От саванны, сопок и каменистых гор веяло прохладой. Над перевалом Гиндукуш разрасталась красно-розовая заря. И чем выше поднималось солнце, тем отчётливей рисовались пики горных вершин. Сумрак покидал долину Афганистана.

…Петляя меж сопок, на равнину вышел небольшой караван. Все двигались в полном безмолвии. Лишь было слышно, как звенят конские сбруи, под копытами животных шуршит сухая почва и как под всадниками поскрипывают кожаные сёдла. Мужчины в чёрных шароварах, длинных рубахах и такого же цвета тюрбанах выделялись тёмными пятнами на фоне бежевой земли. Таинственные седаки, напряженно всматриваясь и вслушиваясь в утреннюю тишину, конвоировали четырёх одногорбых верблюдов. Животные двигались степенным шагом, глухо постукивая большими копытами. Корабли пустыни, навьюченные тяжёлым грузом, шли один за другим, плавно раскачиваясь.

Чуя опасность, в долину убегала стайка длинноногих шакалов. В дружной нервозности поджав пушистые хвосты и сутуля облезло-костлявые спины, ночные хищники всё дальше и дальше уходили в саванну.

…Моджахеды, отслеживая всё подозрительное, продолжали скакать в полном безмолвии.

…Ярко-голубое небесное покрывало раскинулось от горизонта до горизонта. Высоко, под самым его куполом, распластавшись на восходящих потоках встречного ветра, кружил горделивый «смотритель пустыни» – гриф-стервятник.
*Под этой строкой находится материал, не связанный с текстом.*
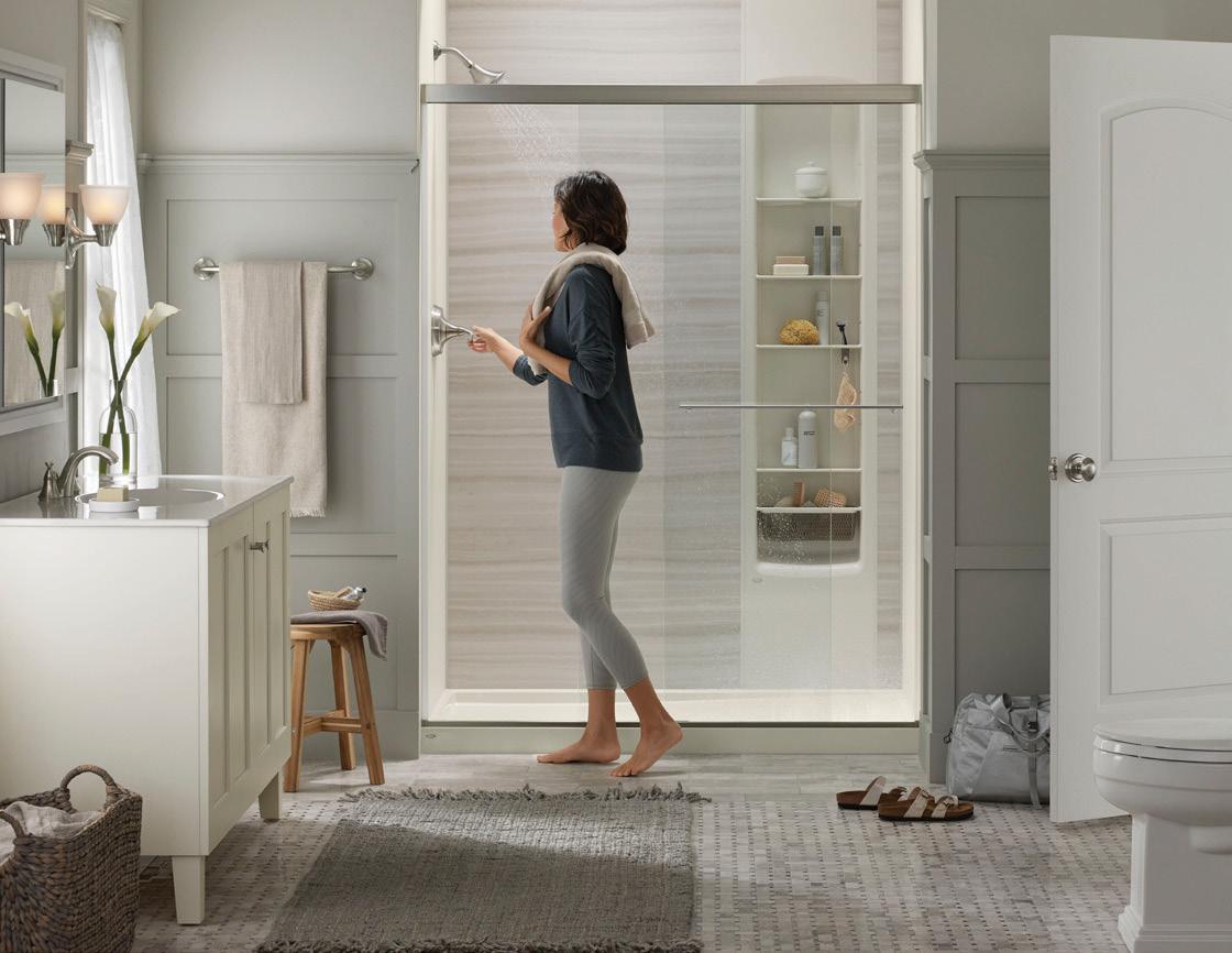 Popular Re-Bath projects include shower conversions for aging and accessibility solutions. To make bathing safer for those individuals, Re-Bath will remove the tub and install a walk-in shower in its place with a low threshold configuration. Other remodels focus on updating a shower or tub design for those who want to enjoy something luxurious and beautiful. In addition, flooring, cabinetry and countertops are available. “We love to hear from people and help them create the bathroom of their dreams,” relates Vorster.
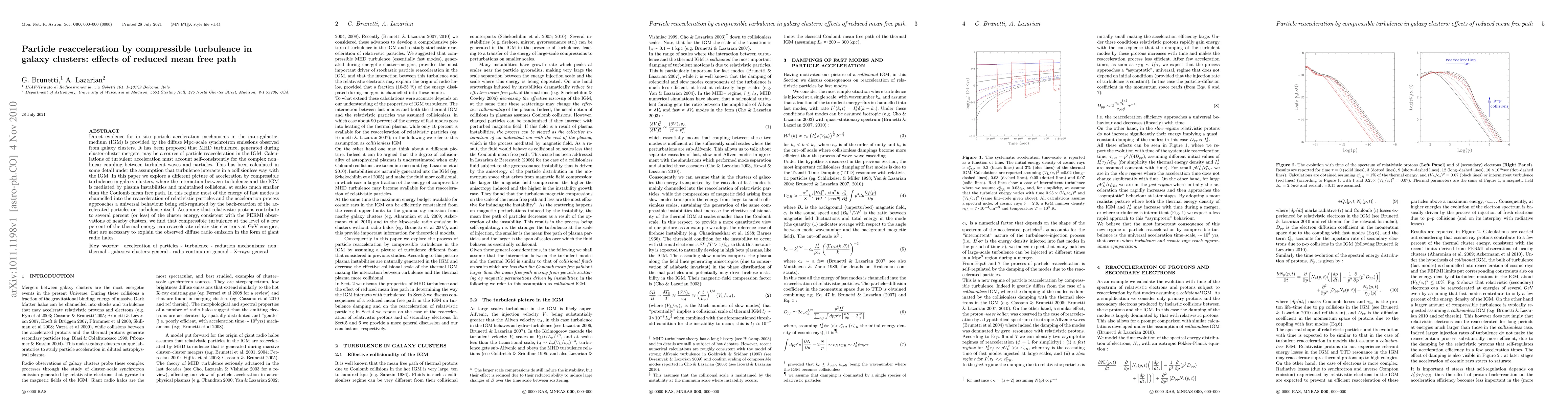 This paper investigates particle reacceleration in galaxy clusters via compressible turbulence, proposing that plasma instabilities and collisional interactions at scales smaller than the Coulomb mean free path drive this process. It finds that turbulence at a few percent of thermal energy can reaccelerate relativistic electrons to GeV energies, explaining the observed diffuse radio emissions in giant radio halos.
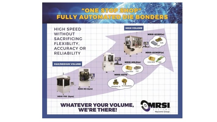 “Our ‘One Stop Shop’ solutions will help our customers to enable just-in-time supply and fast-pace innovations of critical photonic component for high growth market segments such as hyper-scale data centers, photonic sensors, and 5G wireless,” stated Dr. Yi Qian, Vice President Product Management of MRSI Systems. “MRSI Systems has been serving optoelectronic and microelectronic customers for the past thirty-four years and understands their requirement to scale efficiently in today’s fast paced marketplace. MRSI is pleased to meet these needs with the expansion of our high speed die bonder families for high volume manufacturing of photonics packaging,” said Mr. Michael Chalsen, President of MRSI Systems.
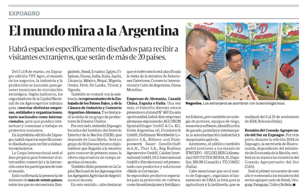 Cabe mencionar que en el marco de Expoagro, organizan el lanzamiento de EIMA, la feria para la agricultura y la jardinería, que se realizará del 6 al 10 de noviembre de 2024, Bolonia (Italia).
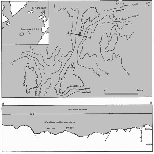 Рис. 22. Область Срединно-Атлантического хребта, где в рамках проекта ФАМОУС проводились тщательные исследования с помощью подводных аппаратов. В левом верхнем квадрате показаны границы этой области. На верхнем рисунке изображена морфология дна этого района, на нижнем – профиль вдоль линии А – В. Видно, что рифтовая долина отделена от соседних возвышенностей крутыми склонами. На дне долины располагаются молодые вулканические горы. (По Кс. Ар-циану, 1975)
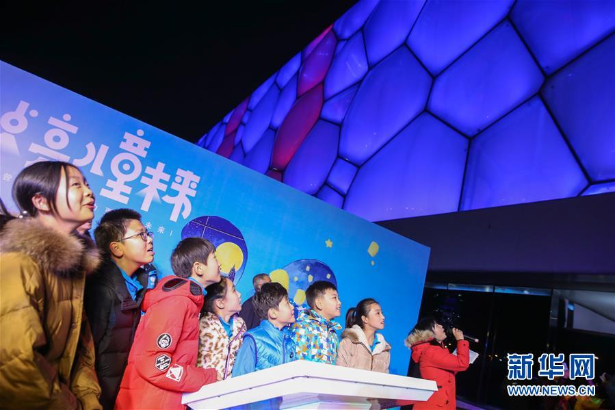 11月20日,在北京舉行的世界兒童日主題活動上,孩子們共同點亮國家游泳中心外墻。 新華社記者張玉薇攝
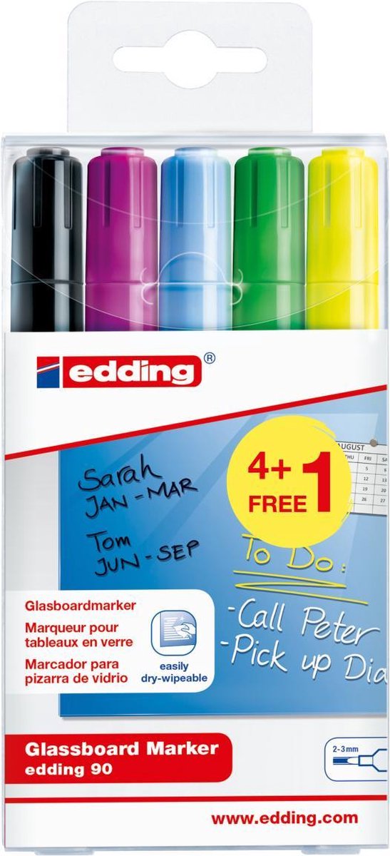Glassboard marker om te schrijven en markeren op de meeste glazen oppervlakken en glassboards. De inkt kan makkelijk droog van de meeste glazen oppervlakken en glassboards verwijderd worden. De ronde punt heeft een schrijfdikte van 2-3 mm. De inkt van de glassboard marker heeft dekkende en briljante kleuren. De inkt van de glassboard marker is lichtbestendig. Verkrijgbaar in de kleuren zwart, rood, geel, violet, lichtblauw, lichtgroen en wit.
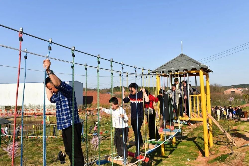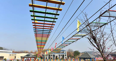 “步步惊心”项目以惊险刺激,游客参与度高、体验度高的优势脱颖而出。项目跨度约200米,脚踏板之间的间隙有宽有窄,间隙下方是百亩梅花林和池塘,在“步步惊心”上跨越,体验漫步云端的刺激。
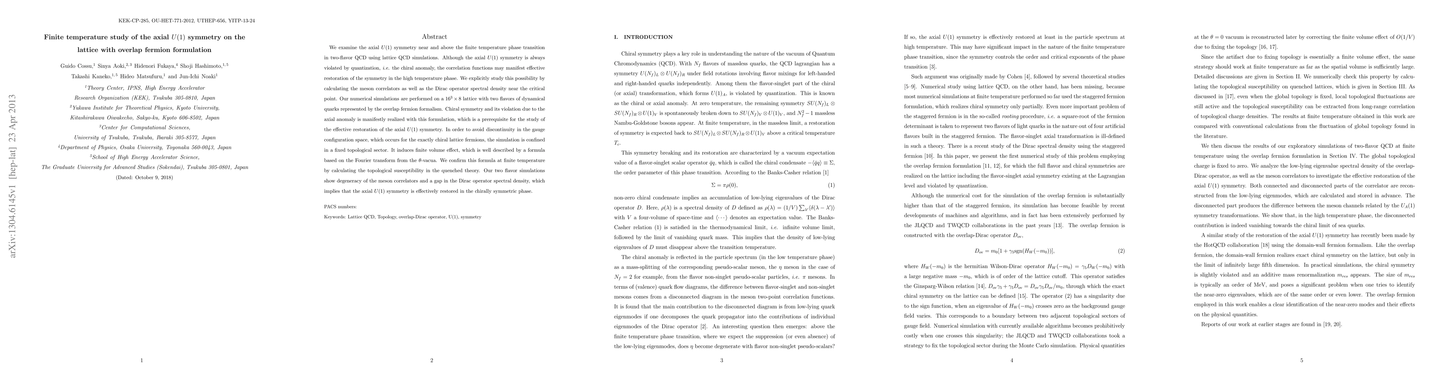 This study investigates the restoration of axial U(1) symmetry near and above the phase transition in two-flavor QCD using lattice QCD simulations with overlap fermions. Results show degeneracy in meson correlators and a gap in the Dirac operator spectral density, indicating effective restoration of the axial U(1) symmetry in the high-temperature phase.
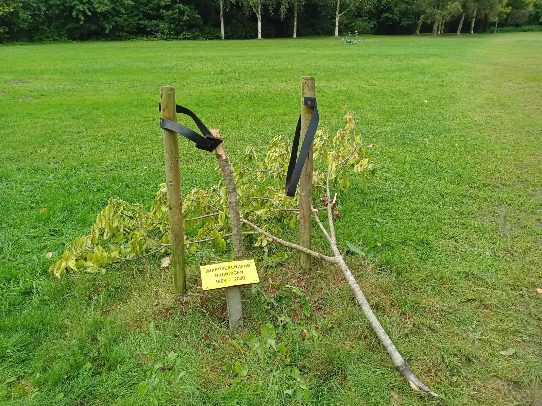 “De honingboom is een geschenk van de Groninger imkervereniging”, vertelt Lucy Pijttersen van Stadspark Natuurlijk. “Afgelopen voorjaar is de boom op zijn definitieve plek gezet in het voorpark van het Stadspark.” Toevallig was dat ook de plek waar afgelopen weekend fietsenrekken voor het Hullabaloo Festival stonden opgesteld. “Afgelopen week zijn deze fietsenrekken verwijderd. Naar alle waarschijnlijkheid is bij die werkzaamheden, waarbij men rücksichtslos te werk ging, de boom geveld.”
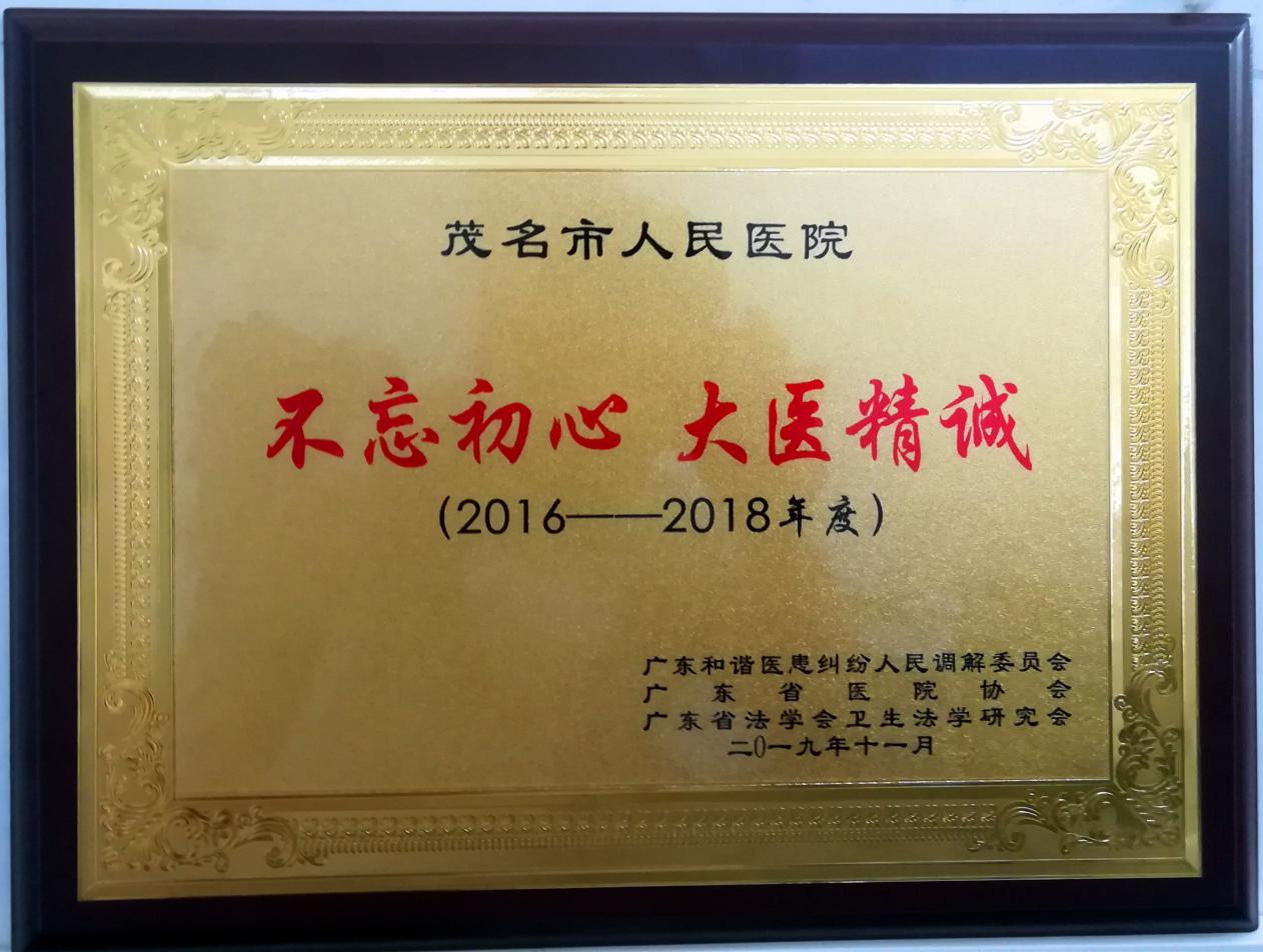 11月16日,我院荣获由广东省和谐医患纠纷人民调解委员会颁发的处置医患纠纷、强化医疗安全和风险防范的“不忘初心、大医精诚”先进单位称号。其主要表彰我院积极在构建医疗风险共担机制与和谐医患关系方面做出的成绩。
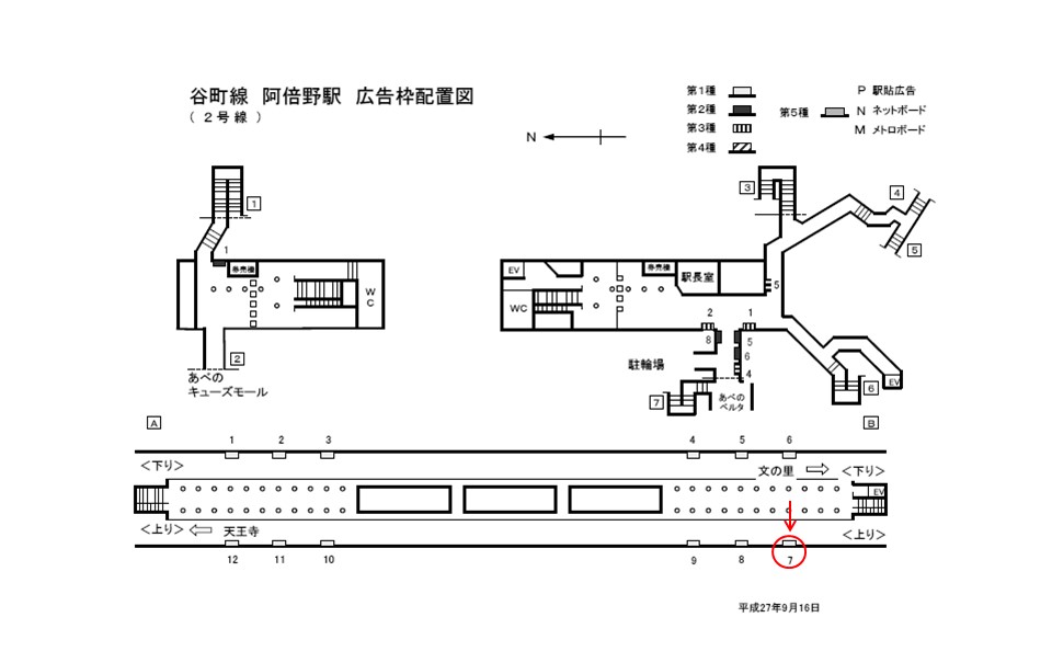 谷町線 阿倍野駅の上りホームに設置された、電飾タイプの広告看板です。
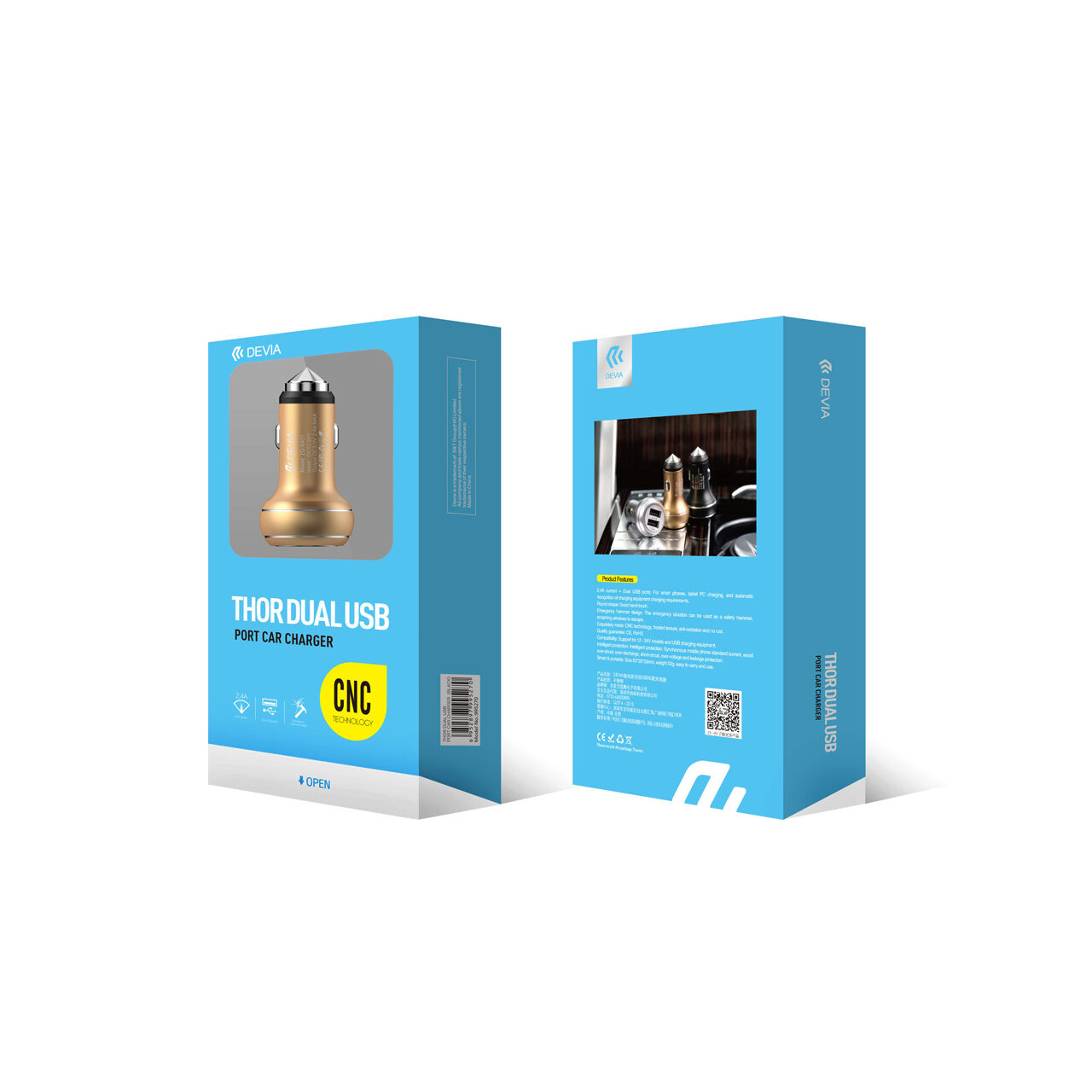 The Thor car charger produced by Devia is a car charger with two USB slots : 2.4 A and 1 A (total 2.4 A) , for charging smartphones or tablets. The materials used are of the best quality, and the design is very elegant and minimalist (cut with CNC technology).
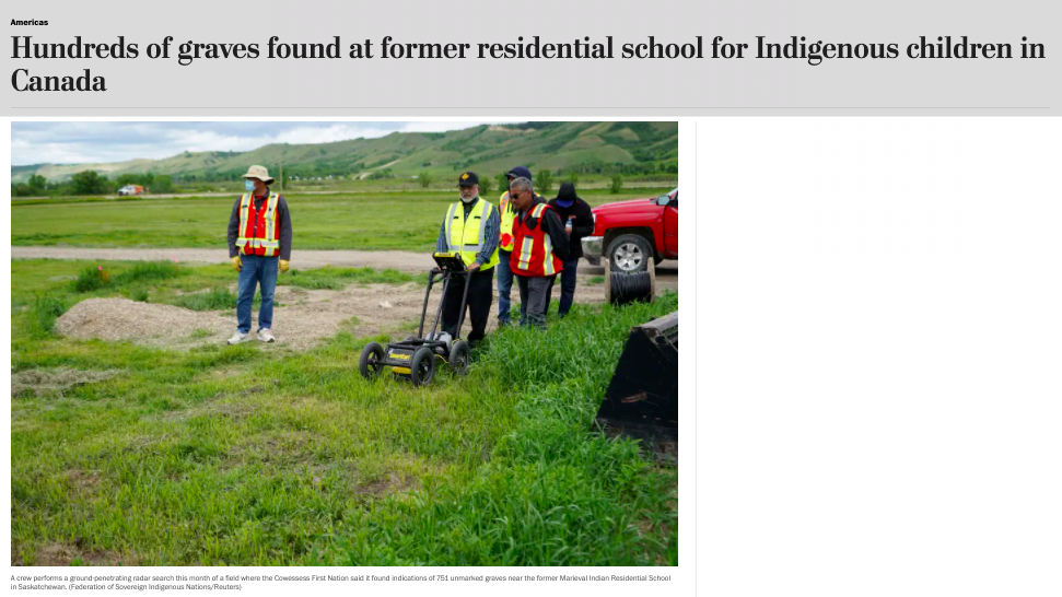期间关于这数百具尸体,一直没有什么消息动静。直到今年六月上旬,Cowessess使用探地雷达,定位出了没有标记的坟墓。目前也正在调查这些遗骸是不是都跟寄宿学校有关。
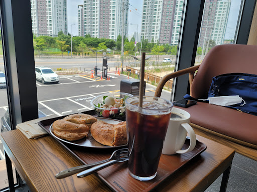 Read more만세로 가는 방향에 스타벅스 느낌의 건물이 올라가고 있을 때부터 기대했네요. 처음 방문때에는 드라이브 스루로 이용해서 내부엔 오늘 처음 가봅니다. 잠시 봤을 땐 뷰는 아쉽다였는데 오늘 찬찬히 돌아보니, 논에 물대어 있는 걸 봤네요. 한달 후 즈음부터 논뷰가 가능한 거였어요! 초여름의 초록빛과 황금들녁의 황금빛을 볼 수 있겠습니다. 그게 기대되더라고요. 베이커리 제품이 다양한 것도 좋고 맛도 있지만 오늘 먹은 허니치즈월넛브레드는...
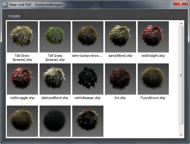 Öffnet das Dialogfeld mit den Voreinstellungen für Haare. Es enthält eine Liste mit Voreinstellungen, die als benannte Musterfelder dargestellt werden. Um eine Voreinstellung zu laden, klicken Sie auf ihr Musterfeld. In 3ds Max sind einige Muster-Voreinstellungen integriert.
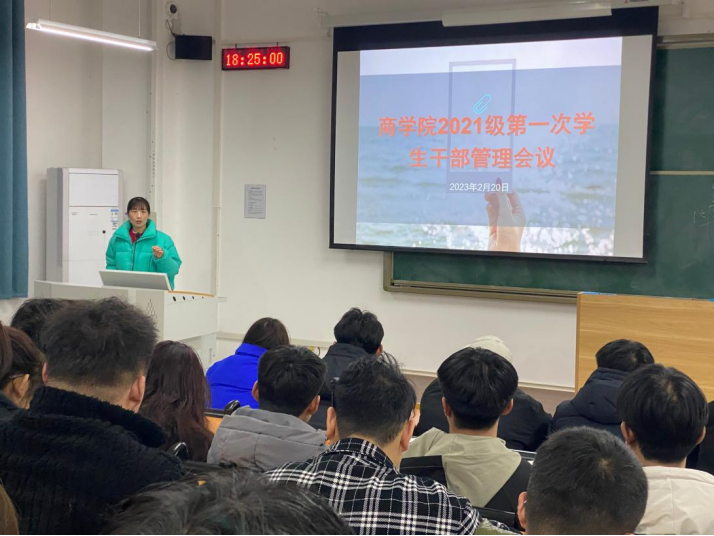 为更好地提升beat365英国官方网站学生会质量和发展,2月20日晚,beat365英国官方网站召开2021级第一次学生干部管理会议,本次会议由beat365英国官方网站党总支副书记王倩主持,全体21级学生会干部和班干部参加。
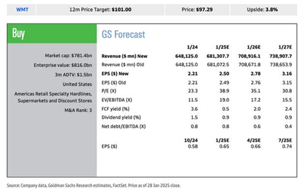 20:We believe WMT is well positioned to continue driving solid earnings growth into 2025, supported by market share gains given its compelling proposition for value and convenience while its profitability profile should also improve, noting that operating income outpaced sales in 3Q. We reiterate our Buy rating for WMT with a price target of $101.
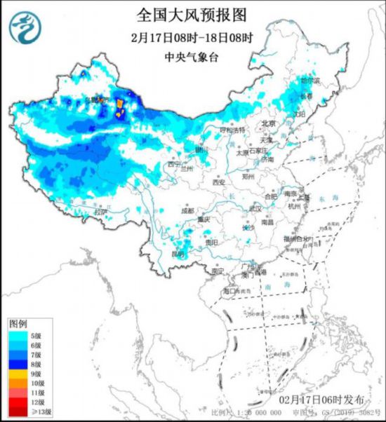 2月17日08时至18日08时,新疆北疆东部和南疆盆地、内蒙古中西部、青海西部、西藏西部、甘肃西部、辽宁西部、吉林西部等地将有5~7级、阵风8~10级的大风,新疆山口地区风力可达12级,阵风13~15级,2月18日08时至19日08时,新疆南疆盆地、内蒙古西部、青海西南部、西藏西部、甘肃西部等地将有5~6级、阵风7~9级的大风;渤海、渤海海峡、黄海大部海域、东海北部海域将有7~8级、阵风9级的大风。中央气象台2月17日06时继续发布大风蓝色预警。

…Дозорный, ехавший впереди каравана на красавце-скакуне, посмотрел вверх. Сморщился в недовольстве. Нервно поправил висевшую на правом плече американскую винтовку. И, беззвучно двигая губами, стал читать молитву.

…Солнце выглянуло из-за гор. И тотчас в поднебесье вылетел стремительный веер его золотисто-рыжих лучей. Земля вспыхнула яркими красками дня.

…Прижмуривая глаза, всадники стали активней подгонять навьюченных животных.

…И вдруг, нарушая утреннюю тишину, раздался одиночный выстрел. Незримыми волнами эхо поплыло над долиной.

…От неожиданности погонщики и животные вздрогнули. Дозорный покачнулся в седле и медленно стал сползать с лошади. Тюрбан свалился и покатился по пыльной земле. Винтовка, висевшая на его плече, соскользнула и ткнулась в грунт длинным стволом. Всадник падал, а остальные моджахеды готовились к бою. Пытаясь понять, откуда прозвучал выстрел, они снимали с предохранителей оружие и лихорадочно осматривали ближайшие сопки.

…Заполняя долину звуками разнокалиберных выстрелов, на караван обрушился шквал огня. Стрекотал пулемёт, короткими очередями били автоматы. То тут, то там, вздыбливая землю, ухали миномётные взрывы.

…Щурясь от яркого света, душманы отстреливались наугад.

…Бой стих. Используя солнце как естественное прикрытие, шурави остановили духовский караван с оружием и наркотой.

…День горел белым огнём. Воздух был горячий, и почва тоже была горячей. Безоблачное небо не препятствовало светилу властвовать над землёй. На горизонте зеркальной дрожащей кляксой блестел завораживающий мираж. Давно высохшая редкая трава трухой оседала на грунт. Над дышащей жаром прокаленной пустыней кружили три грифа-стервятника. Громадные птицы, то сужая круги, опускались к земле, то взмахивая мощными крыльями, поднимались в небо. Хищники преследовали одинокого верблюда.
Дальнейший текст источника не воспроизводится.